首先引入命名空间 using System.Net;
。接下来先要设计一个函数CreateGetHttpResponse()
用来获取GET请求的HTTP响应。GET方法的参数写在URL中,所以如果有参数我们将之加在URL之后,然后创建请求。如果未能成功连接,就返回null,成功连接则返回HttpResponse。
class HttpFunctions { public static HttpWebResponse CreateGetHttpResponse( string url, IDictionary<string, string> parameters=null, string token = null) { string urlWithGetParam = url; if (!(parameters == null || parameters.Count == 0)) { StringBuilder buffer = new StringBuilder(); int i = 0; foreach (string key in parameters.Keys) { if (i > 0) { urlWithGetParam += String.Format("&{0}={1}", key, parameters[key]); } else { urlWithGetParam += String.Format("?{0}={1}", key, parameters[key]); i++; } } } HttpWebRequest request = null; request = WebRequest.Create(urlWithGetParam) as HttpWebRequest; request.Method = "GET"; //设置代理UserAgent和超时 //request.UserAgent = userAgent; //request.Timeout = timeout; if (token != null) { request.Headers.Add(HttpRequestHeader.Authorization, "Bearer " + token); } try { return request.GetResponse() as HttpWebResponse; } catch { return null; } } }
这样获得了HttpResponse。例如我们在主调中,用必应搜索传入q=搜索词的参数,来搜索”C#”这个关键词
class Program { static void Main(string[] args) { Dictionary<string, string> myParams = new Dictionary<string, string>(); myParams["q"] = "C#"; var h1 = HttpFunctions.CreateGetHttpResponse("http://cn.bing.com/search",myParams); Console.WriteLine(h1.StatusCode); } }
可以看到状态码为200,说明HTTP响应正常。
这样有了HttpResponse,但还没能获取到HTTP的内容。要获取HTTP的内容,最好使用流式传输。在HttpFunctions类当中设计一个读取stream中文本的函数:
public static string responseText(HttpWebResponse h) { if(h!=null) { System.IO.Stream receiveStream = h.GetResponseStream(); Encoding encode = System.Text.Encoding.GetEncoding("utf-8"); System.IO.StreamReader readStream = new System.IO.StreamReader(receiveStream, encode); Char[] read = new Char[256]; // Reads 256 characters at a time. int count = readStream.Read(read, 0, 256); string ret = ""; while (count > 0) { String str = new String(read, 0, count); ret += str; count = readStream.Read(read, 0, 256); } readStream.Close(); return ret; } else { return ""; } }
我们请求的是HTML页面,内容往往会很多,我们在主调函数中测试可以只看一下前100个字符:
class Program { static void Main(string[] args) { Dictionary<string, string> myParams = new Dictionary<string, string>(); myParams["q"] = "C#"; var h1 = HttpFunctions.CreateGetHttpResponse("http://cn.bing.com/search",myParams); Console.WriteLine(h1.StatusCode); Console.WriteLine(HttpFunctions.responseText(h1).Substring(0,100)); h1.Dispose(); } }
输出了一行HTML结果,说明也成功读取到了HTML的内容
<!DOCTYPE html><html lang="zh" xml:lang="zh" xmlns="http://www.w3.org/1999/xhtml" xmlns:Web="http://
发送POST请求进行登录操作
URL传递有长度限制,如果数据比较长,则使用GET方法传参数就不合适了。 GET方法明文传输,并且可以被缓存,其安全性较差。像登录系统这种敏感数据的操作不适合使用GET方法。而POST请求将数据与URL分离,在传输数据时更常用。
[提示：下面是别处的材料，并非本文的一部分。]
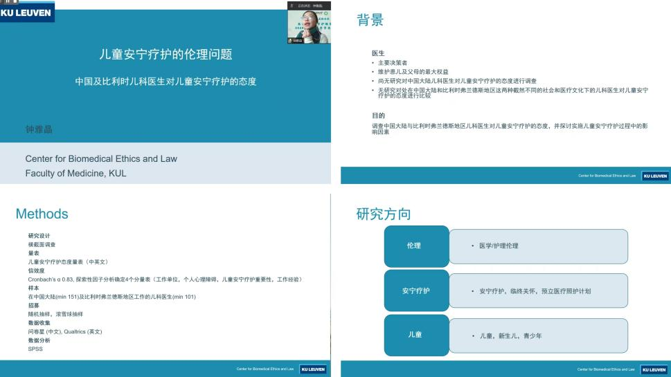 鲁汶大学钟雅晶博士作题为《The ethics in pediatric palliative care》的汇报,该汇报把中国与比利时儿科医生之间作视角对比,用横断面调查研究的方法揭示中国与比利时儿科医生对儿童安宁疗护的态度及影响因素。该研究发现两个国家的儿科医生都表示相关儿童安宁疗护的经验有限,其中比利时儿科医生在儿童安宁疗护方面能够得到更多工作单位的支持,该研究还发现照顾重症患儿和儿童安宁疗护的经验有可能会影响医生对儿童安宁疗护的态度。钟雅晶博士最后还表示未来会持续探索伦理、儿科、安宁疗护等相关方向。
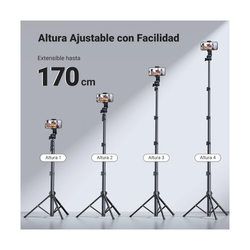 Tripode Para Celular Ugreen Lp680 (15609) Palo Selfie, Extensible De 170Cm, Con Control Bluetooth

在使用POST方法提交数据到服务端时,有多种编码供选择,默认是application/x-www-form-urlencoded
,此时所有非字母数字类型的字符都需要转换为十六进制的ASCII值。但是如果表单中包含大量非字母数字时,这种编码的效率就非常低,比如处理二进制文件上传时就存在该问题,此时就需要定义multipart/form-data
作为编码类型,使用这种类型时不会对输入进行编码,而是使用MIME协议将之作为多个部分进行发送,和邮件传输的标准相同。
例如网址 https://www.runoob.com/try/ajax/demo_post2.php
接收POST方法的两个参数fname和lname,将返回一句问候语。创建POST的HttpResponse与GET方法类似,只是参数parameters需要用Stream的方法以字节写入。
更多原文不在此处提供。